Antimicrobial peptides have emerged as promising molecules to combat antimicrobial resistance. However, fragmented datasets, inconsistent annotations, and the lack of standardized benchmarks hinder computational approaches and slow down the discovery of new candidates. To address these challenges, we present the Expanded Standardized Collection for Antimicrobial Peptide Evaluation (ESCAPE), an experimental framework integrating over 80.000 peptides from 27 validated repositories. Our dataset separates antimicrobial peptides from negative sequences and incorporates their functional annotations into a biologically coherent multilabel hierarchy, capturing activities across antibacterial, antifungal, antiviral, and antiparasitic classes. Building on ESCAPE, we propose a transformer-based model that leverages sequence and structural information to predict multiple functional activities of peptides. Our method achieves up to a 2.56% relative average improvement in mean Average Precision over the second-best method adapted for this task, establishing a new state-of-the-art multilabel peptide classification. ESCAPE provides a comprehensive and reproducible evaluation framework to advance AI-driven antimicrobial peptide research.

Paper Structure

This paper contains 29 sections, 1 equation, 5 figures, 8 tables.

Figures (5)

  • Figure 1: Timeline of AMP Discovery and Computational Advances. The rise of AMR underscores the urgent need for alternative therapies such as AMPs. While AI has shown promise in accelerating AMP discovery, progress is hindered by heterogeneous data and the absence of standardized evaluation protocols. We introduce ESCAPE to address these challenges and provide a robust foundation for future AI-driven methods.
  • Figure 2: Overview of ESCAPE Dataset Composition and Statistics. (a) Multilabel distribution of AMPs across the four functional classes in ESCAPE Dataset, (b) Sequence length distribution for AMPs and non-AMPs, and (c) Distribution of AMP and non-AMP sequences in the two folds and the test set of the dataset.
  • Figure 3: ESCAPE Baseline Architecture Overview. The model encodes each peptide using two parallel branches: the sequence module tokenizes amino acid residues. It extracts a [CLS] representation through a Transformer encoder. In contrast, the structure module processes a $224 \times 224$ distance matrix by embedding non-overlapping patches and applying a Transformer stack to produce a structural [CLS] token. A bidirectional cross-attention mechanism fuses these two representations by allowing each modality to attend to the other.
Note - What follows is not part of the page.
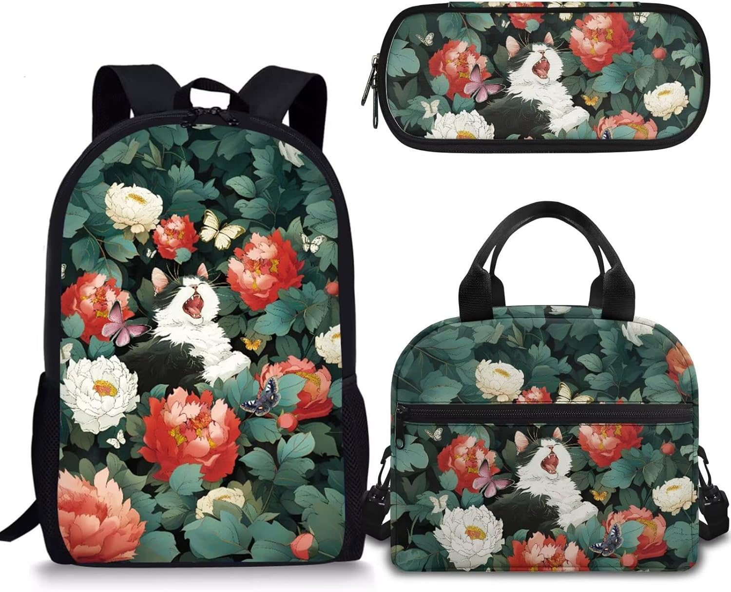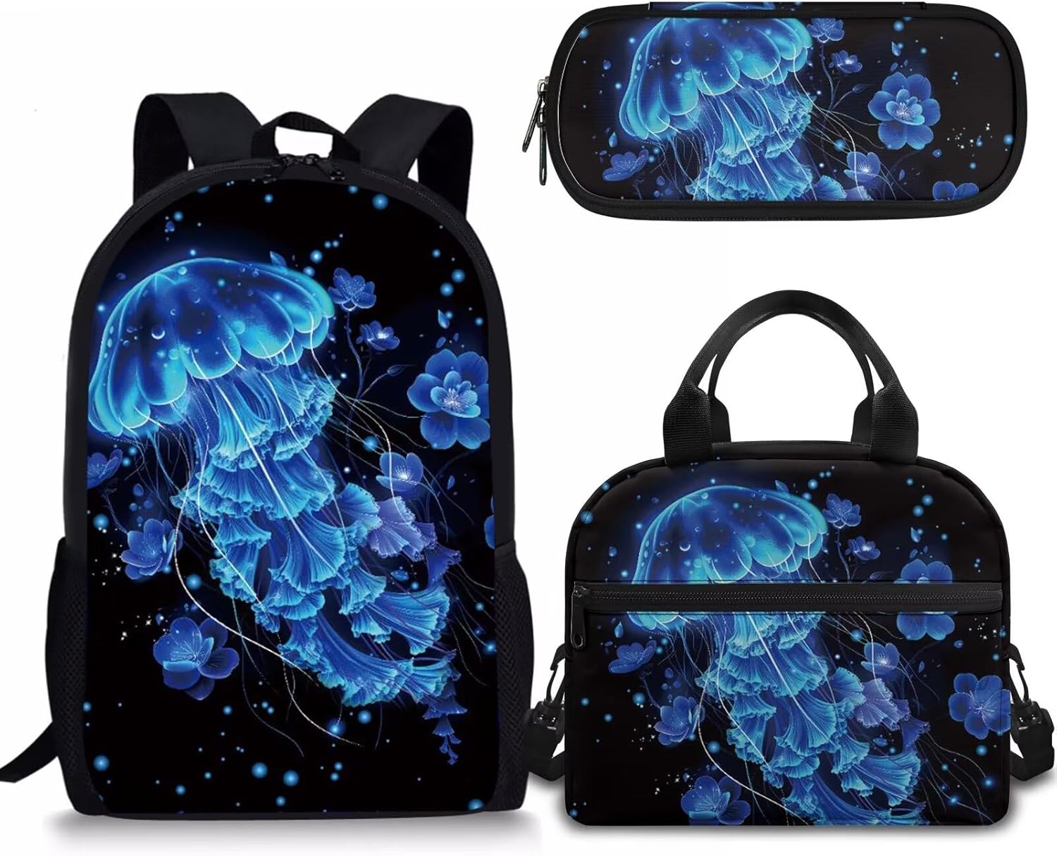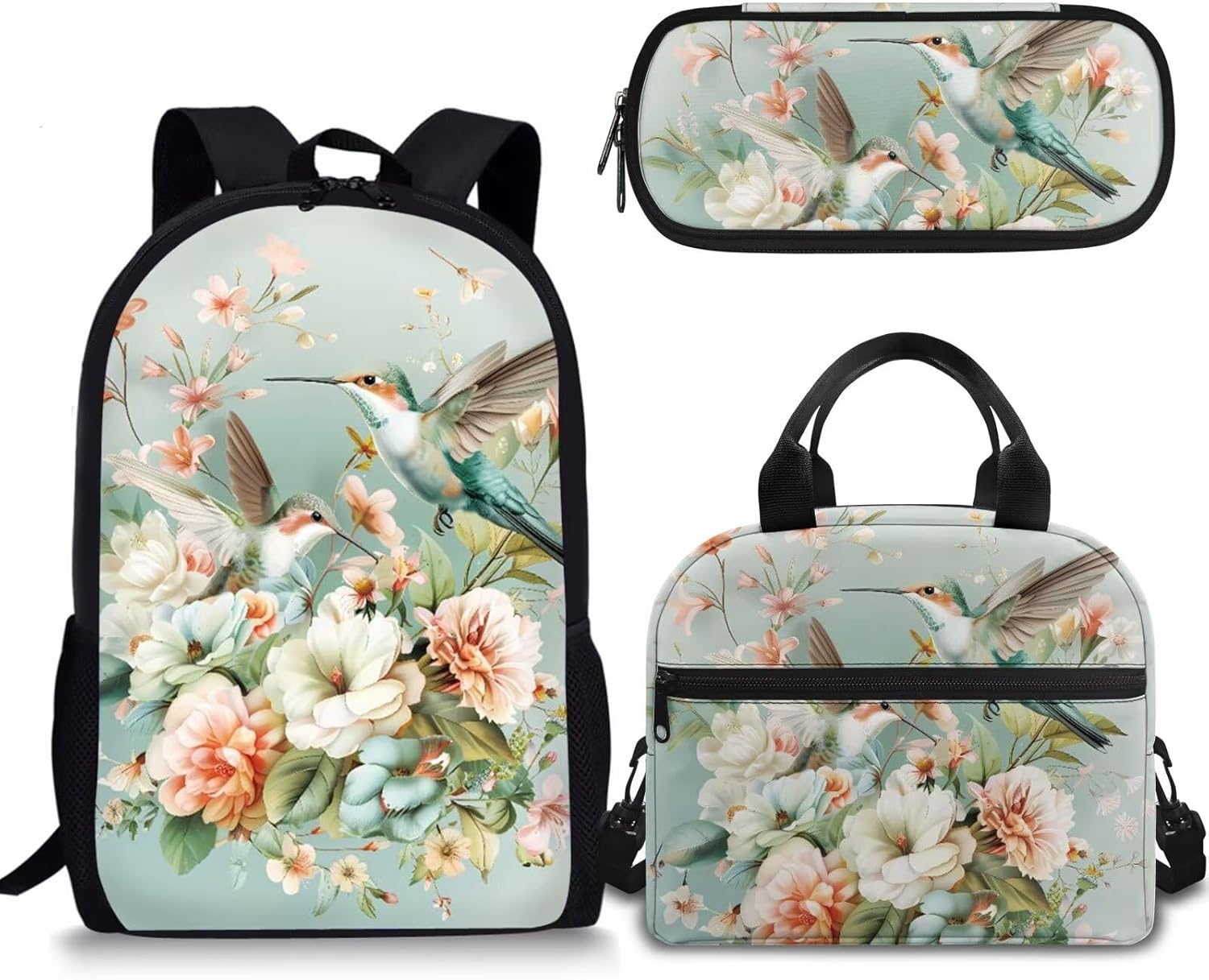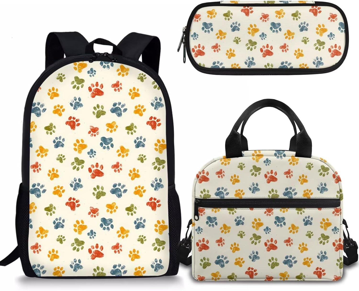 - APPROXIMATE DIMENSIONS – Backpacks Size: 17"H X 11"W X 5"D. A lightweight and durable kids book bag that goes from school to fun as quickly as you do with the comfortable straight-cut padded shoulder straps, padded back panel, and a quick grab web haul handle;Lunch bag Size: 9.1" x 5.1" x8.2",It’s convenient for you to put the lunch bag into your backpack; Pencil Case Size: 8.8 x 4.1 x 1.7 inches with big capacity storage which can hold pretty much everything a student needs.

The model concatenates the resulting attended CLS vectors and passes them through a linear layer to generate the final multilabel prediction vector.
  • Figure 4: Comparison of amino acid distributions in the ESCAPE dataset. (a) Amino acid distributions for AMPs and Non-AMPs, with frequency differences reflecting variations between functional and non-functional peptides. (b) Normalized amino acid distributions with respect to each class for the multilabel clasification task. Overall, the dataset maintains a consistent aminoacid composition across categories.
  • Figure 5: Comparison of model performance and number of trainable parameters across all evaluated methods. Since lighter models like the ESCAPE Baseline and AMPlify li2022amplify show the best ensemble results in the test split and heavier models (e.g., BERT-based transformers pang2022integratinglee2023amp) yield lower performance, we observe no consistent correlation between model size and predictive capability. Specifically, the ESCAPE Baseline achieves the best overall results with a fraction of the parameters used by large transformer models, suggesting that performance gains can be attained without increased model complexity.